[NOTE] This package is in early stages of the development. So please get in touch with the developers before using.
hallmarkfe¶
Important
This library is still under development. Wait for the release.
Python package to specify and process ML features over flexible data sources - batch and streaming.
The problem that this package solves is that:
- Usually the codebases of batch and realtime feature engineering diverge causing errors.
- Feature are specified in code and not easily verifiable
- Features are not reusable and often implemented in non-standard ways
This package helps:
- Share code bases across batch and realtime paths
- Provides a way to explicitly specify the features
- One implementation of the feature specification called supernova
- Allows unit testing of the features before they are put into production
See documentation for interface details.
Requirements¶
- Python 3.5 over or PyPy 2.4.0 over
Features¶
- Embeddeable python package across batch and realtime (e.g., pyspark)
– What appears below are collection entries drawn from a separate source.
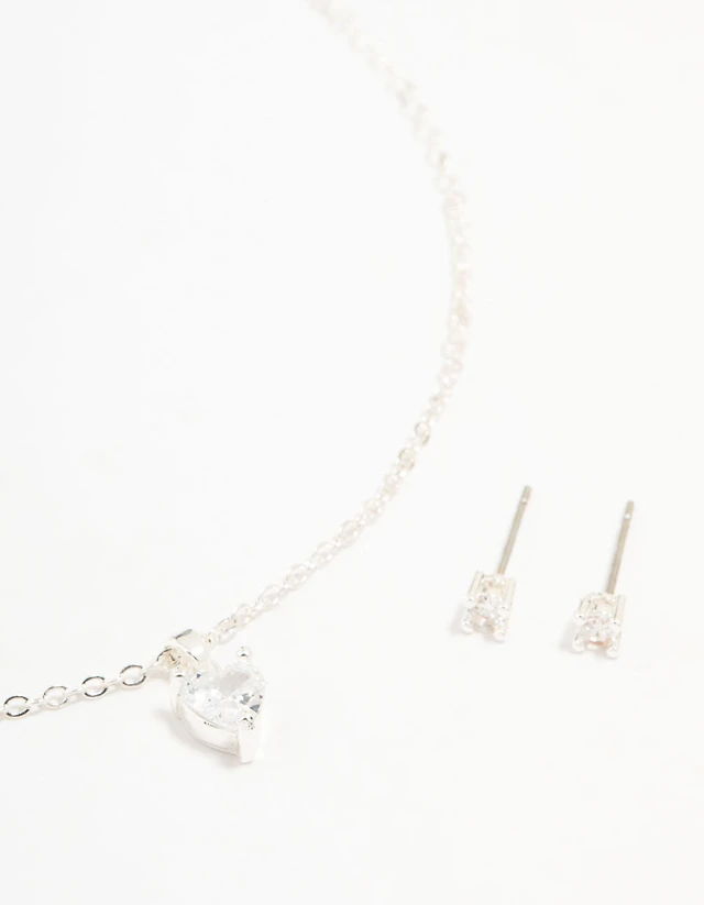 Gold Plated Sterling Silver Heart Cubic Zirconia Stud Earrings
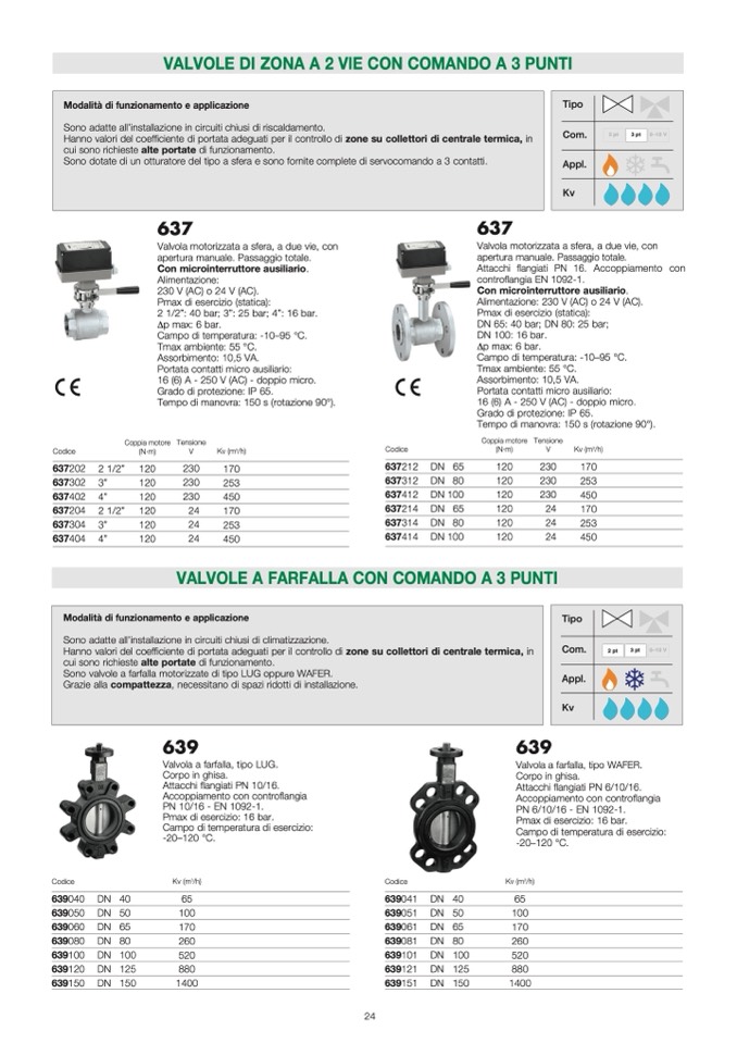 Sono dotate di un otturatore del tipo a sfera e sono fornite complete di servocomando a 3 contatti.
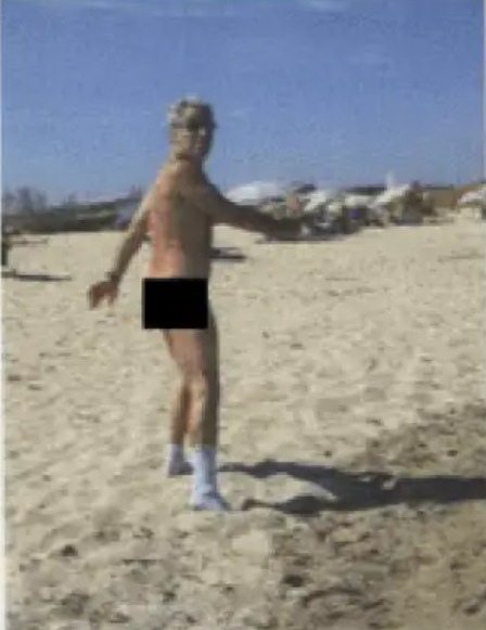 在一堆爱泼斯坦的沙滩照中,他全裸向前奔跑,屁股处被涂黑。
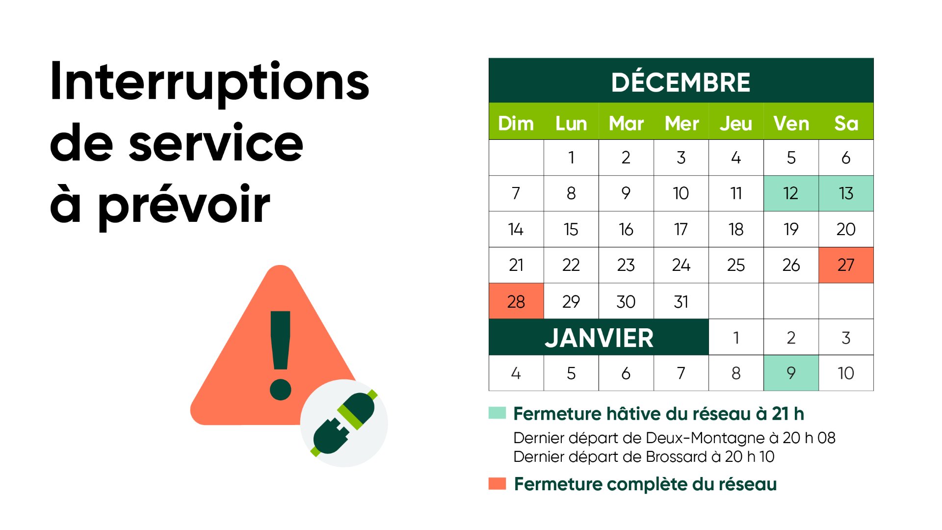 -Fermeture hâtive du réseau les 12, 13 décembre et le 9 janvier
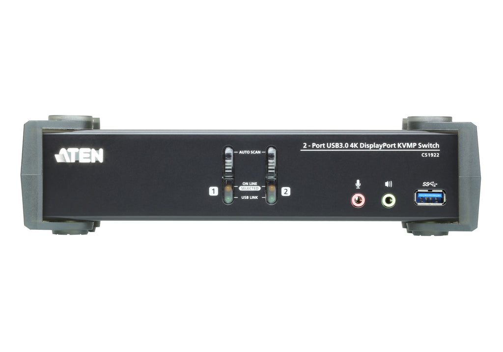 The ATEN CS1922 2-Port USB 3.0 4K DisplayPort KVMP™ Switch provides the latest innovations in desktop KVM switching technology for the increasing demand of higher video quality and transfer speeds on modern computers. The ATEN CS1922 offers an unprecedented performance of delivering 4K resolution, the next generation USB 3.1 Gen 1 hub with SuperSpeed 5 Gbps data transfer rates and enhanced user-friendly operations.
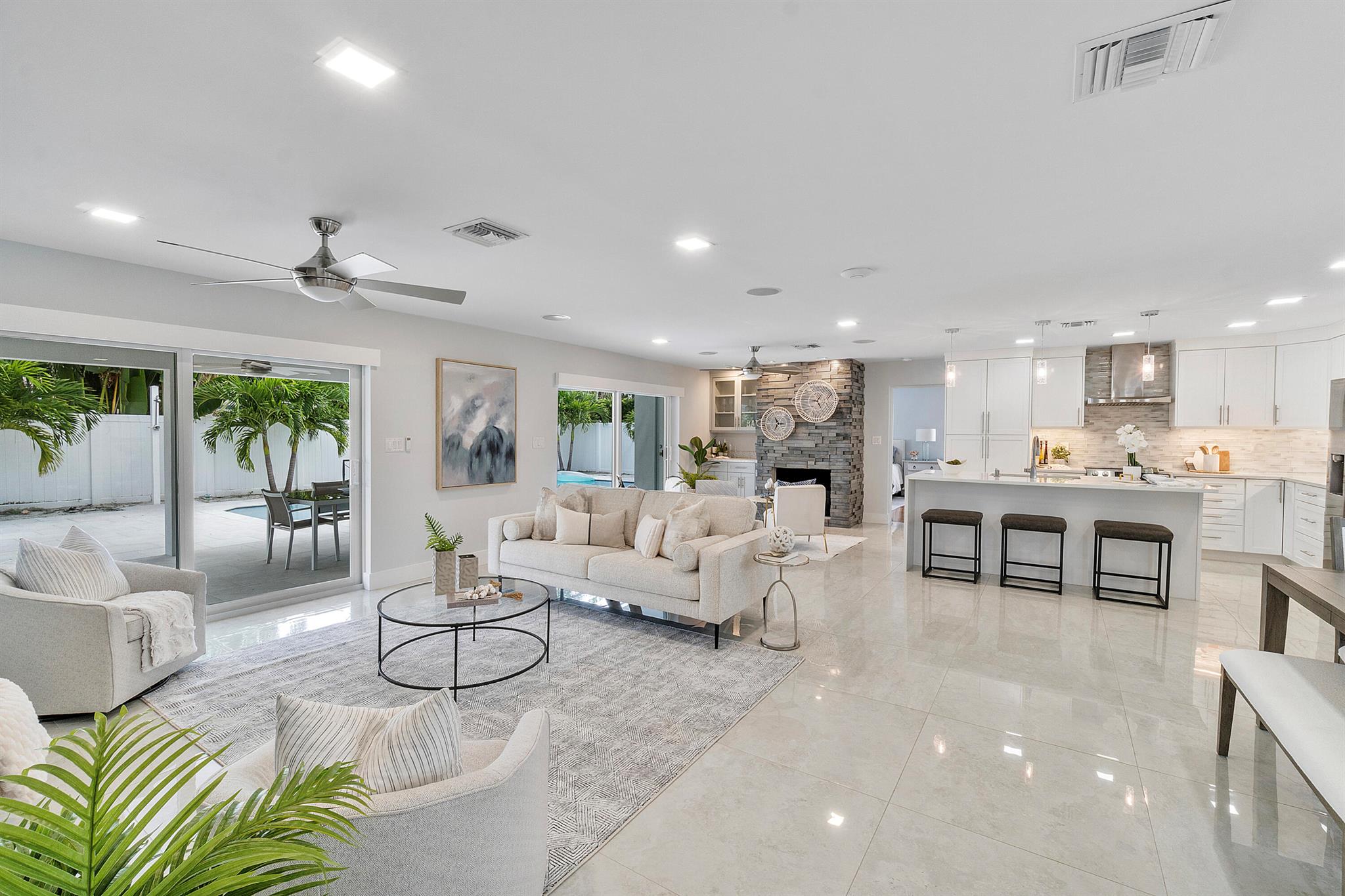 Welcome to your dream home in Lighthouse Point! Renovated in 2022, this property offers modern luxury and comfort with premium amenities. Just minutes from Frank McDonough Park, it boasts unparalleled craftsmanship and attention to detail. Inside, enjoy an open concept layout with porcelain tile and wood flooring leading to a custom-designed kitchen. Three spacious bedrooms, including a luxurious master suite, provide ample relaxation space. Step outside to your tropical oasis with a 300 sq ft patio, new pool, and summer kitchen. Impact windows, surround sound, and a cozy fireplace make it an ideal retreat. An oversized two-car garage with a workshop area offers ample storage and flexibility for hobbies. Don’t miss this opportunity in one of Lighthouse Point’s most coveted neighborhoods.
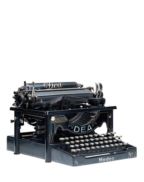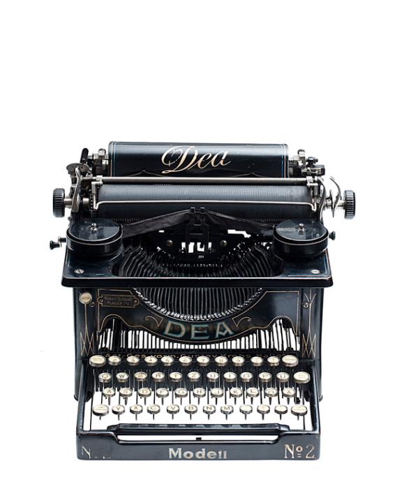 Schreibmaschine Dea Modell 2 Eigenschaften: Typenhebel, Vorderanschlag, einfache Umschaltung, Farbband, Tabulator, seitliche Farbband-Rückspulkurbel Tastatur: universal, vierreihig, 42 Schreibtasten Konstrukteur: Franz Herlt, Seriennummer 1816

- Extensible schema for feature specification
- Custom feature handlers/executors
Usage¶
API¶
# A feature specification
$ cat spec_user.json
{
"schema": "user:default:v1",
"name": "completed_orders",
"owner": "example@example.com",
"description": "This feature represents a user's total completed orders",
"id": "user.completed_orders",
"entity": "user",
"granularity": "NONE",
...
}
# Now parse it..
$ python
>>> import json
>>> import hallmarkfe
>>> handler = hallmarkfe.parse_generic('spec_user.json')
>>> handler
<hallmarkfe.spec.base.SpecBase at 0x7f08edf366d8>
>>> print(handler.prettyprint())
+-------------+----------------------------------------------------------------+
| Dimension | Summary |
+=============+================================================================+
| schema | global:default:v1 |
+-------------+----------------------------------------------------------------+
| name | completed_orders |
+-------------+----------------------------------------------------------------+
| description | This feature represents a user's total completed orders |
+-------------+----------------------------------------------------------------+
| owner | feast@example.com |
+-------------+----------------------------------------------------------------+
| dataStores | {'warehouse': {'id': 'example_warehouse'}, 'serving': {'id': |
| | 'example_serving'}} |
+-------------+----------------------------------------------------------------+
| entity | user |
+-------------+----------------------------------------------------------------+
| granularity | NONE |
+-------------+----------------------------------------------------------------+
| id | user.none.completed_orders |
+-------------+----------------------------------------------------------------+
| options | {} |
+-------------+----------------------------------------------------------------+
| tags | |
+-------------+----------------------------------------------------------------+
| uri | https://example.com/ |
+-------------+----------------------------------------------------------------+
| valueType | INT32 |
+-------------+----------------------------------------------------------------+
CLI¶
$ hfe
Usage: hfe [OPTIONS] COMMAND [ARGS]...
Commandline for Hallmark Specifications
Options:
--help Show this message and exit.
Commands:
schema Discovery and operation specification formats
$ hfe schema
Usage: hfe schema [OPTIONS] COMMAND [ARGS]...
Discovery and operation specification formats
Options:
--help Show this message and exit.
Commands:
list List available schemas
$ hfe schema list
+-------------------+----------+-----------------------------------------------+
| Schema | Class | Module |
+===================+==========+===============================================+
| global:default:v1 | SpecBase | /work/pingali/Code/pingali- |
| | | hallmarkfe/hallmarkfe/spec/base.py |
+-------------------+----------+-----------------------------------------------+